Петр: Ну ты поспи пока.
Алексей (свободно выдыхает): А я вот уже и выспался.
Петр (одобрительно улыбается): Ого! Да ты уже выздоравливаешь! Кушать хочешь?
Алексей (улыбается в ответ и соглашается, говорит почти без испуга): Хочу!
Алексей выходит из своей обороны садиться на кровати, но ноги пока не спускает. Петр, впрочем, не очень осознавая свои действия, отвечает на этот жест едва открывающегося Алексея, садиться на его кровать с самого края. Все остальные стоят. 
Павел: Ну вот, а говорил, что ничего не знаешь. (на отрез, сообщает) Через полчаса обед.
Алексей совсем осмелев спускает ноги на пол и откидывает свое одеяло.

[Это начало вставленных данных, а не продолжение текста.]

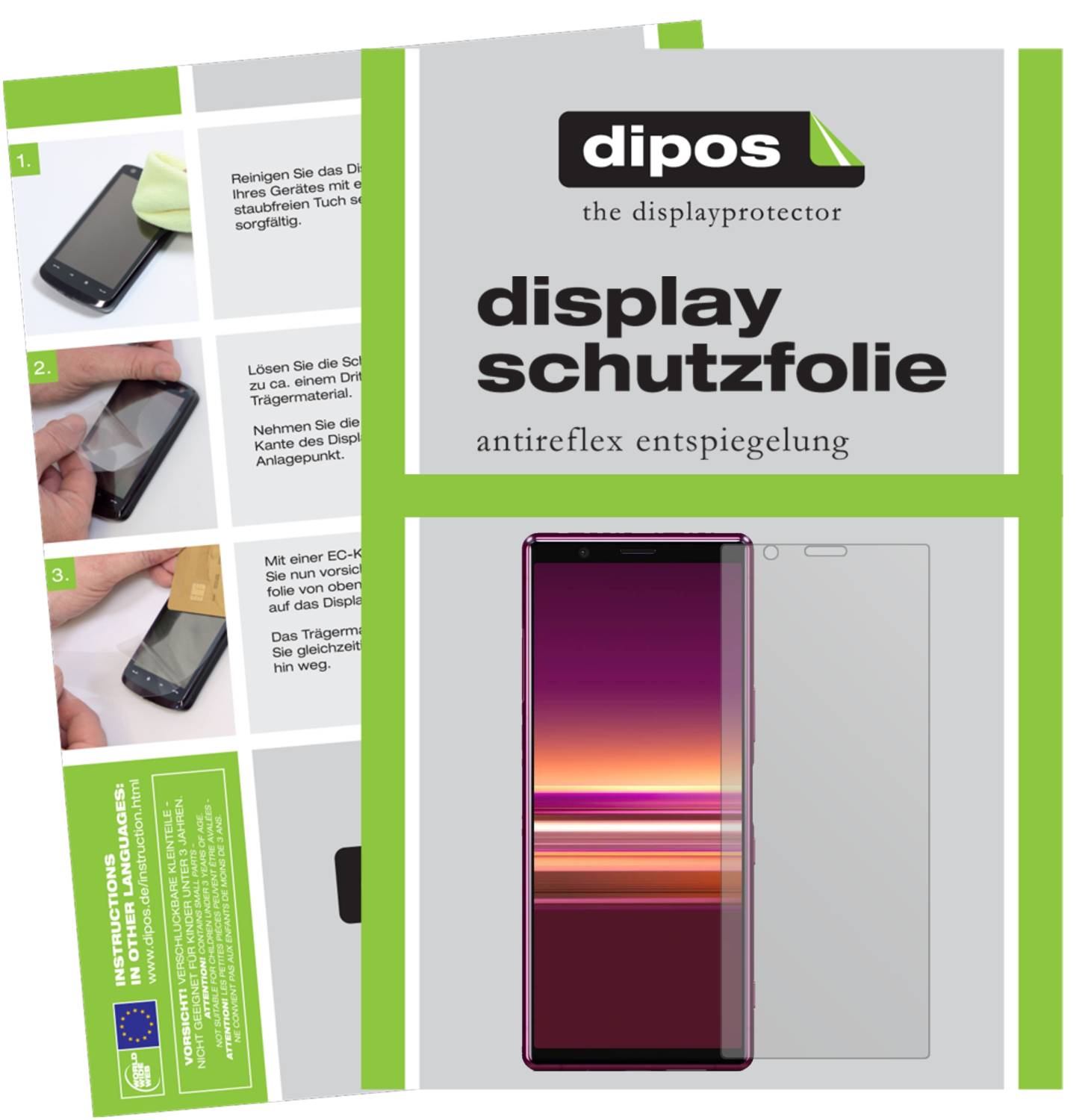 Modern silicone adhesion ensures that the film attaches itself to the display and can be applied without forming bubbles. Small bubbles can be easily pushed to the edge. Adhesion is achieved completely without glue, which means the dipos film can be removed even years later without leaving residues behind and without slipping during use.

Петр (боясь, но с интересом): А ты что правда актёр? А что ты там играл… в своём театре?
Алексей: На Театре?
Петр: Что?
Алексей: Не важно (выдыхает) просто игра слов…
Петр: Да. И что ты там играл?
Алексей (немного удивленно, удивлением защищаясь): Сумасшествие.
Петр (смеётся): Сумасшествие? И?
Алексей вопросительно смотрит на Петра.
Петр: И? Сумасшествие. А какая роль?
Алексей (пространно улыбаясь): Просто сумасшествие…
Петра: Но какая роль?
Алексей (грустно отмахивается): Да никакая.
Петр: Ну ты хоть слова роли-то помнишь?
Алексей (качает головой): Нет…
Петр: Ох и мудрёный ты человек, Алексей.
Павел: А… Теперь ясно. Оставь человека, Петруха – не береди или за него на вязках лежать будешь? Но могу сказать одно, актер – роль тебе, по-видимому все же удалась.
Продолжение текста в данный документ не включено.